Rep. Kevin Calvey (R- Oklahoma City) has introduced House Bill 2206, a bill that would prohibit Oklahoma’s district attorneys from prosecuting any state officials accused of a public offense and grant that authority exclusively to the state’s Attorney General. The bill proposes the following:
“The jurisdiction of a prosecution against a principal in the commission of a public offense, when such principal is a state elected official, state legislator, district court judicial officer, appellate judicial officer or an appointee of a state board or state commission at the time of the commission of the offense, is within the sole and exclusive prosecutorial authority of the Attorney General of Oklahoma. Such an action must be filed in the county of residence of the state officer.”
Calvey said that he authored the bill not because of any recent malicious prosecutions of officials in Oklahoma, but in light of former Texas Gov. Rick Perry’s 2014 indictment on charges of abuse of power. Perry was accused last year of threatening to veto millions in funding to the state’s Public Integrity Unit, headed by Travis County District Attorney Rosemary Lehmberg’s office, unless Lehmberg stepped down from her position. Perry called on Lehmberg to step down after she spent 45 days in jail following a guilty plea for drunk driving; Lehmberg refused and the PIU funding was vetoed.
Calvey called Perry’s indictment a “witch hunt” and filed the bill to prevent similar incidents from occurring in Oklahoma. “The origin of it has nothing to do with anything that’s occurred in Oklahoma. It’s my concern over what’s going on in Texas with this witch hunt by a local prosecutor,” Calvey said.
“I do think it’s just better to prevent that kind of thing from ever arising,” Calvey said. “The point is to not allow a locally elected official to effectively have undue influence over statewide policy.”
Calvey said that a district attorney would “not necessarily” be prevented from filing a charge such as drunk driving against a legislator or judge, but has yet to specify what would be considered a public offense. “The tough part is defining where that line is,” he said.
District attorneys in Oklahoma have expressed their concern with Calvey’s bill. “This bill creates a different class of citizens that would be protected from the normal prosecution process,” said Oklahoma County District attorney David Prater, who has prosecuted legislators and a judge in the past. Prater noted that he was “suspicious” that Calvey’s bill might be in retaliation to previous prosecution of state officials, according to The Oklahoman.
“How does shifting the responsibility of prosecution from one politically elected official to another politically elected official solve the problem?” asked Pottawatomie and Lincoln County district attorney Richard Smothermon. “The attorney general probably faces more political pressure on a day-to-day basis than I’ve ever faced.”
Prater pointed out that the attorney general already has authority to overtake any criminal case.

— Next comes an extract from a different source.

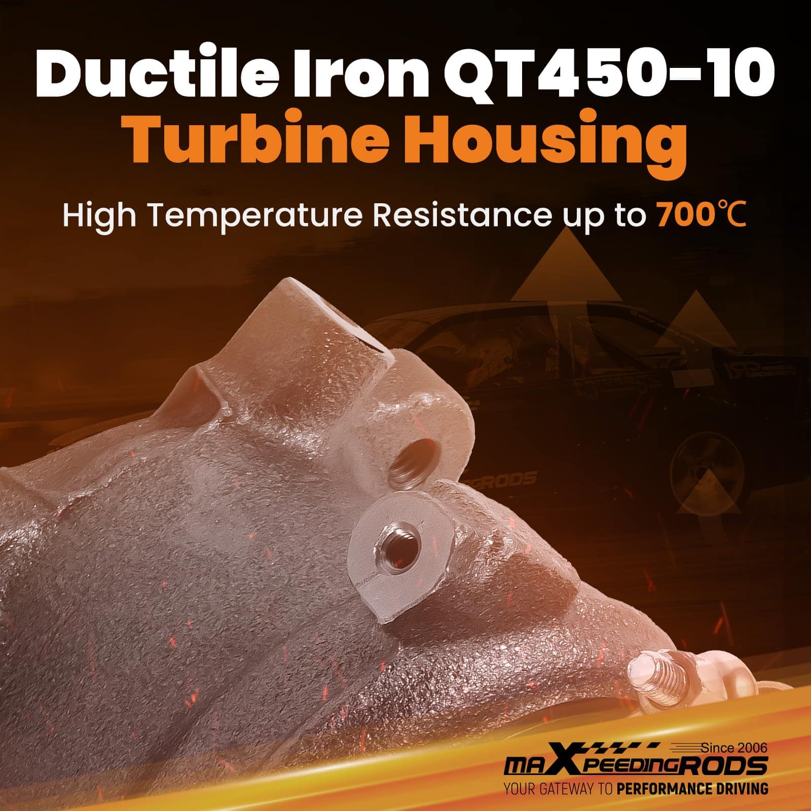 4. Carcasa y Rueda de Turbina La carcasa de la turbina hecha de hierro dúctil es resistente a altas temperaturas de 1292 F. Y la rueda de aleación de la turbina tiene una alta estabilidad de oxidación y puede funcionar bien a 1652 F.

If the Attorney General believed that a district attorney’s prosecution of a state official involved political persecution, “he can step in and take that case over without asking anyone permission.”
Oklahoma Attorney General Scott Pruitt reportedly finds the proposed legislation unnecessary. Will Gattenby, Pruitt’s press secretary, said that district attorneys and the attorney general currently “have concurrent jurisdiction in the prosecution of state officials” and “we partner and work with district attorneys across the state in investigations and prosecutions utilizing the grand jury process on behalf of the citizens of Oklahoma.”
“We see no reason for a statutory change unless there is some evidence of abuse as has been seen outside of Oklahoma,” said Gattenby.